Patients at tier 4, who have labile viral suppression, need far more than that. These are the 15% of patients with HIV who struggled with viral suppression before the pandemic. They are the patients that Farley’s team focuses on at Baltimore’s John G. Bartlett Specialty Clinic for Infectious Disease.
“We’ve completely deconstructed the patient-centered medical home,” he said of the early move to virtual care. He suggested that clinicians assess their services and ask themselves some questions:
- Has someone on the team reached out to every patient and checked in to see what their biggest needs are, medical or not, during the pandemic? Have they assessed the patient’s ability to receive video calls or text messages?
- How have group-support programs that address stigma or the social determinants of health fared in the transition to virtual medicine?
- Are patients who are in recovery being supported in order that they may engage with recovery programs online?
- How well have counseling services done in engaging people in virtual care? Currently, given the overall increase in mental health challenges during the pandemic, one would expect that the use of mental health counseling is increasing. “If they’re stagnant or going down, someone needs to be reflecting on that issue internally in the clinic,” he said.
- Are patients being contacted regarding the effects that isolation is having on their lives? “The things that would normally allow us to self-mitigate and self-manage these conditions, like going to the gym, meeting with friends, religious services – all of those are being cut,” he said.

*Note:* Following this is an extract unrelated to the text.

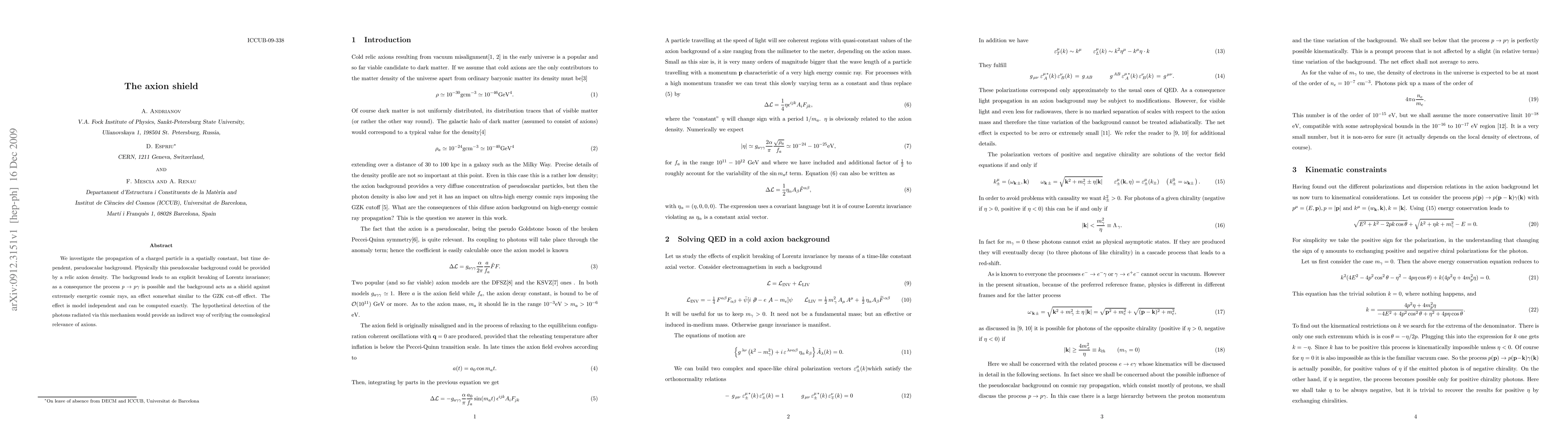 We investigate the propagation of a charged particle in a spatially constant, but time dependent, pseudoscalar background. Physically this pseudoscalar background could be provided by a relic axion density. The background leads to an explicit breaking of Lorentz invariance; as a consequence the process p-> p gamma is possible and the background acts as a shield against extremely energetic cosmic rays, an effect somewhat similar to the GZK cut-off effect. The effect is model independent and can be computed exactly. The hypothetical detection of the photons radiated via this mechanism would provide an indirect way of verifying the cosmological relevance of axions.

- Is there an early alert from an in-person pharmacy to trigger outreach via a community health worker for patients who haven’t picked up their medications in a week or more?
Farley pointed to a 2015 model for an enhanced e-health approach to chronic care management that called for e-support from the community and that was enhanced through virtual communities.
These are some of the approaches Farley has taken at his clinic. He leads a team that focuses specifically on patients who struggled with engagement before the pandemic. Through a grant from the US Department of Health & Human Services’ Health Resources and Services Administration – even before the pandemic – that team has been funding community health workers who have multiple contacts with patients online and virtually and are able to offer what he calls “unapologetically enabling” support for patients so that they are able to focus on their health.
He gave the following example. Before the pandemic, a community health worker on the team had been working with a patient who showed up at every scheduled visit and swore that she was taking her medications, although clearly she was not. A community health worker, who was made available through the grant, was able to recognize that the patient’s biggest challenge in her life was providing childcare for her special-needs child. The community health worker worked with the patient for months to find stable childcare for the child, paid 2 months of rent for the patient so that she would not become homeless, and helped her find transitional housing. When the pandemic hit, the community health worker was already texting and conducting video calls with the patient regularly.
For the past 9 months, that patient has had an undetectable viral load, Farley said.
“Nine months during a pandemic,” Farley reiterated, “and the community health worker keeps working with her, keeps meeting with her.”